Pieter Brueghel l’Ancien




J’ai un immonde secret à vous avouer.
Je suis un horrible misanthrope.
Je hais les humains et je hais l’humanité.

Oui, je sais, ce n’est pas très convenable.
Encore moins de l’avouer.
Mais soyons honnêtes, combien sommes-nous à détester secrètement ou publiquement nos congénères ?

J’ai appris qu’il fallait aimer son prochain. Je l’exècre.

J’ai appris qu’il fallait l’aimer comme soi-même. Je m’exècre.

En cela, je suis cohérent, je déteste l’autre comme moi-même.

Ma misanthropie est universelle donc cohérente ; je m’y inclus.

Je hais mon prochain comme moi-même.

Que signifie « haïr le genre humain » ? Cela signifie-t-il quoi que ce soit ?

Étouffé par l’émotion, des larmes de rage et de désespoir coulent de mes yeux rougis d’épuisement. Je peine à raisonner, à penser, à définir.

Je suis dévoré par le côté obscur, la haine, l’aversion, le rejet. Je ne suis plus qu’une sphère de plutonium proche de la masse critique. C’est un sentiment obscur, diffus, confus mais profond.

Ce dont je suis certain : j’éprouve incompréhension, exaspération, aversion, dégoût, horreur, rancœur, colère, déception, amertume, rage, haine envers l’espèce humaine.

Ce sentiment me donne envie de gueuler, de tout casser, de tabasser des inconnus, de fracasser l’humanité toute entière, de déclencher le feu nucléaire pour en finir une fois pour toutes.

Je ne supporte plus les gens.

Ceux qui conduisent trop vite, ceux qui vous collent dans les files au magasin, ceux qui beuglent la nuit dans la rue, ceux qui laissent chier leur chien sur votre trottoir, ceux qui fraudent le fisc, ceux qui prennent un jet privé pour un saut de puce, ceux qui se prélassent sur des yachts pendant que d’autres crèvent de faim, ceux qui rasent des forêts avec des bulldozers et enferment des animaux dans des cages.

Je suis exaspéré.

Humains, je vous hais, tous autant que vous êtes !
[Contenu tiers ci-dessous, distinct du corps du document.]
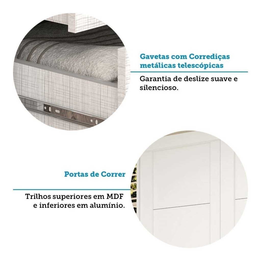Guarda Roupa Casal 160cm 2 Portas de Correr 100% MDF Boldina Espresso Móveis Branco
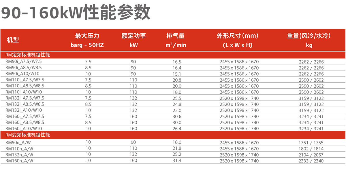 產品名稱:微油螺桿式空壓機RM系列90-160kW
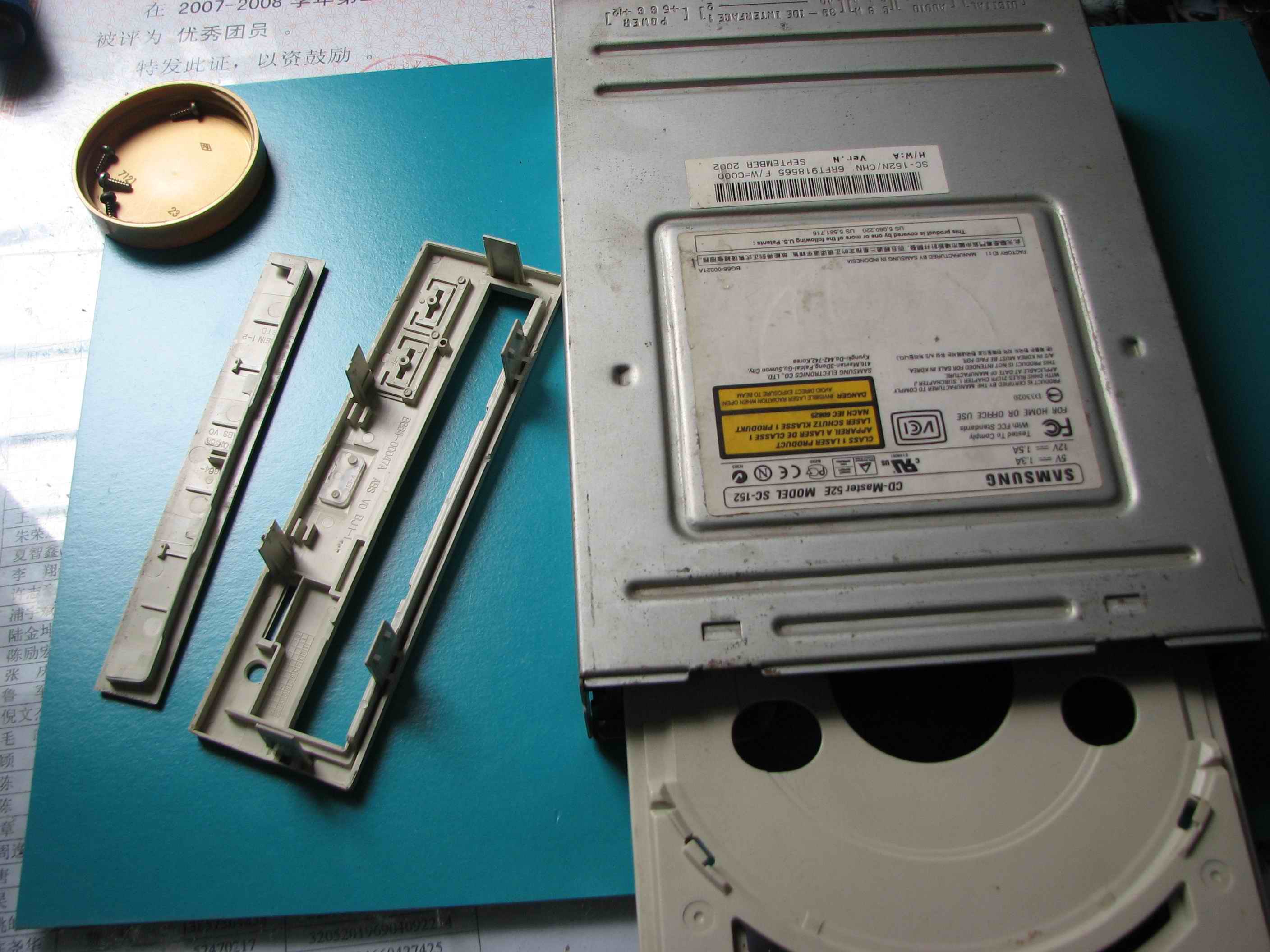 将光驱仓门打开,应该先开仓门再开始拆光驱,若当时忘了通电开仓门,别急,将回形针弄直,光驱前盖上有个小孔,将回形针插入此孔,仓门自然会被回形针顶开。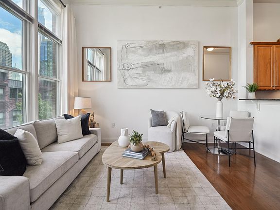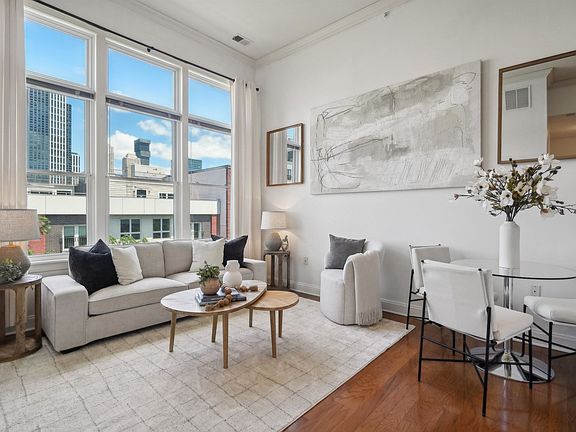 Paulus Hook Prime PENTHOUSE with an on-site garage parking space included! This beautiful 2 bedroom, 1 bathroom, Penthouse is a total stunner, with soaring 12.5 ft. ceiling heights, massive oversized windows with transoms fill the home with amazing light and brilliant sky scapes, and a generous open floor plan. Impeccably kept, Residence 403 at 126 Dudley features a chef's kitchen with stone counters, abundant cabinetry, s/s appliances, and 4-seater breakfast bar. Gleaming hardwood floors throughout, closets galore, and a spa bathroom with dual vanity, imported tile floors, and deep soaking tub/shower combo. The king-sized primary bedroom is a glorious retreat at the end of the day, while the second bedroom is also perfect as a nursery, home office, bonus den, etc. Central HVAC, recessed lighting, full size in-home W/D, and controlled access complete the picture. Head down to the fully equipped gym for a quick workout, or take the elevator to your dedicated garage parking space and go for a spin! Located in the heart of Paulus Hook, the best dining, shopping, Whole Foods Market, 2 PATH stations, NY Waterway, and the coveted PS16/Bradford school district are right outside your front door.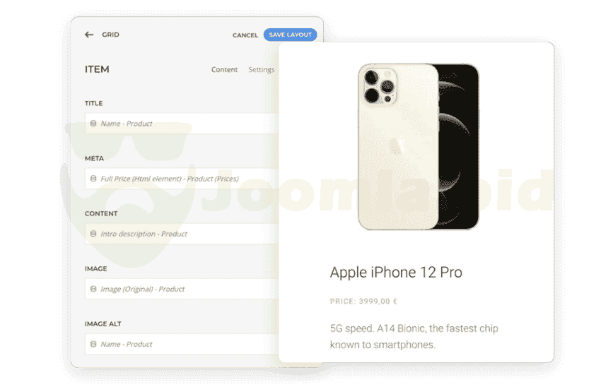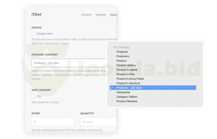 - Full YOOtheme integration Enjoy all the YOOtheme PRO options like elements or dynamic content and use them in DJ-Catalog2 views.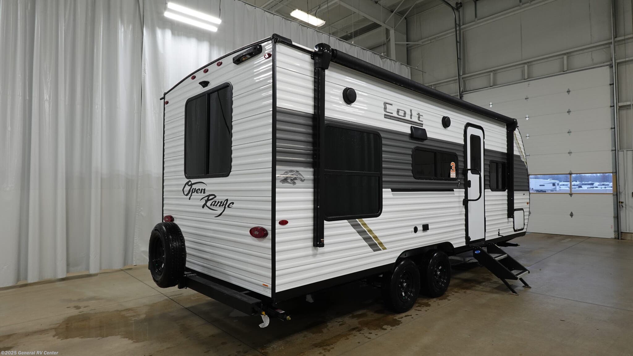 **Open Range RV Colt travel trailer 21QB highlights:** * Front RV Queen Bed * Exterior Storage * Middle Full Bath * 12V Refrigerator Make each camping trip count in this travel trailer that can sleep four to five each night. You'll wake up feeling refreshed on the front RV queen bed, and there are dual bedside wardrobes to keep your things organized. A middle bath includes a 40" tub/shower, which will make bath time easier if you have little ones. Once breakfast is made on the three-burner cooktop, you can dine at the booth dinette or take your plate outdoors to sit under the 16' power awning with LED lights. This unit also includes a jack-knife sofa, which can be used for sleeping space, along with the dinette! With any Colt travel trailer by Open Range RV, you can be sure you're getting a budget-friendly unit designed to fit your lifestyle! Each one is built to last with a PVC roofing membrane and built-in A-frame, plus there are nitrogen-filled radial tires and self-adjusting electric brakes for easy towing. You will appreciate the utilities that include 30-amp service, an A/C unit, and an on-demand tankless water heater. A few interior comforts include vinyl flooring throughout, solid hardwood cabinet doors, and residential grade kitchen countertops to make your space feel more like home.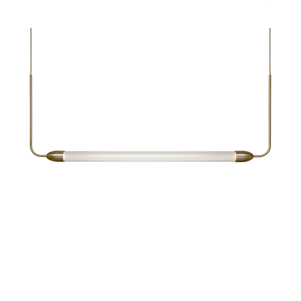 Lemon Squeeze Linear brings the collection’s signature rippled glass into a sleek horizontal pendant, offering soft, even illumination for dining areas, kitchen islands, or workspaces. Suspended in polished brass or steel, its sculptural details and textured glass combine nostalgic charm with modern elegance, adding warmth and sophistication to any setting.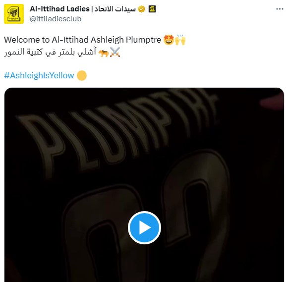 Grateful to have signed for Al-Ittihad 🐅 Excited to start this journey alongside some incredible human beings. My journey of stepping into more of myself continues…It’s more than football 💛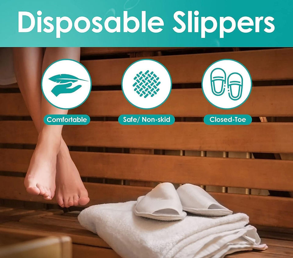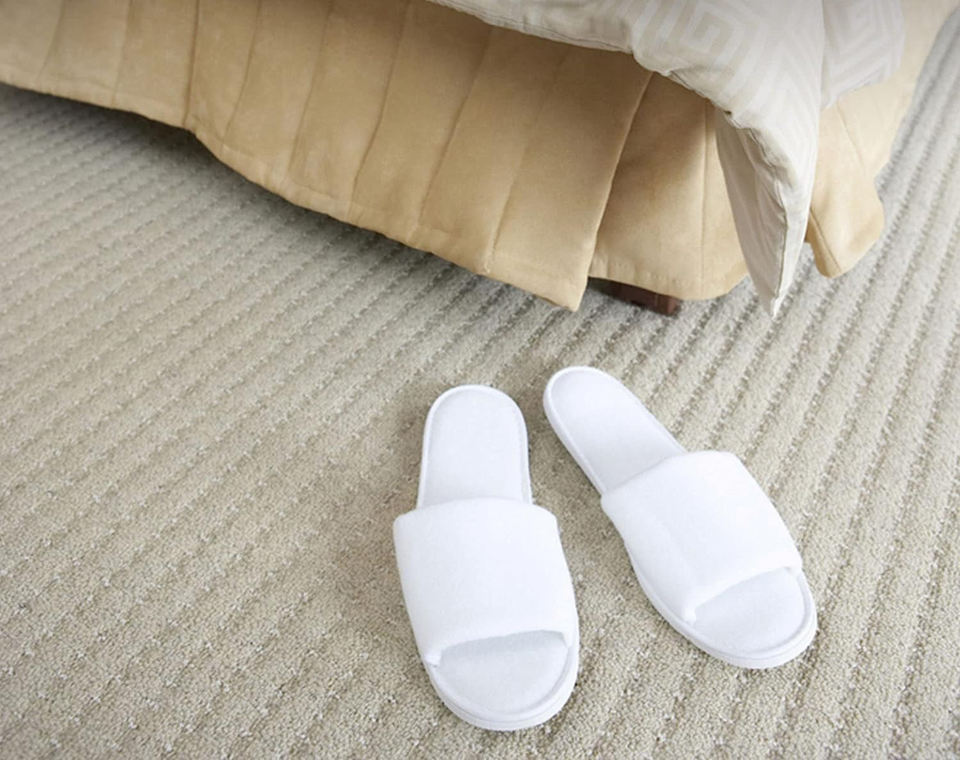Custom Logo Fleece Hotel Supplies Open Toe Disposable White Hotel Amenities-Slippers for Guest Bedrooms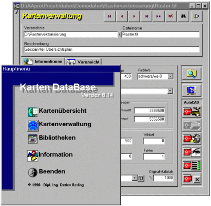Der KartenManager verwaltet Pixeldateien sowie AutoCAD-Vektordateien. Karteninformationen, die in der Datenbank gespeichert sind, können zur Visualisierung unter AutoCAD genutzt werden. Zusätzliche CAD-Funktionen gewährleisten eine einfache Lagebestimmung und blattschnittfreie Verwaltung der Grafikdaten.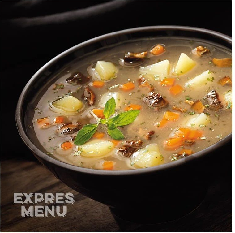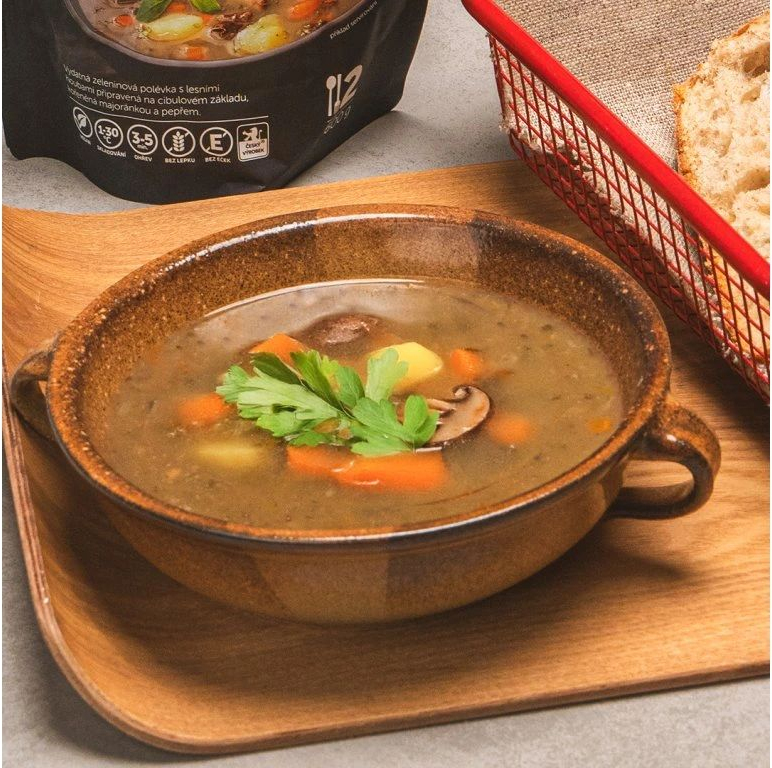 Výdatná zeleninová polievka pripravená na cibuľovom základe, dochutená majoránom, čiernym korením a obohatená o aromatické lesné huby. Skvelá voľba na desiatu aj ľahší obed – vhodná aj pre deti, vegetariánov a vegánov.

Et comme vous êtes de plus en plus nombreux, j’ai de plus en plus de raisons de vous détester. Vous pullulez comme d’immondes vermines sur cette petite planète pour laquelle vous n’avez aucun respect. Partout où vous allez, vous ravagez tout ce qui est beau.

Vous vous accumulez dans des termitières gigantesques et écœurantes, écrasées sous votre puanteur.

Vous êtes la pire malédiction qui ait jamais frappé la vie sur Terre. Un virus, une gangrène, un cancer métastatique incurable.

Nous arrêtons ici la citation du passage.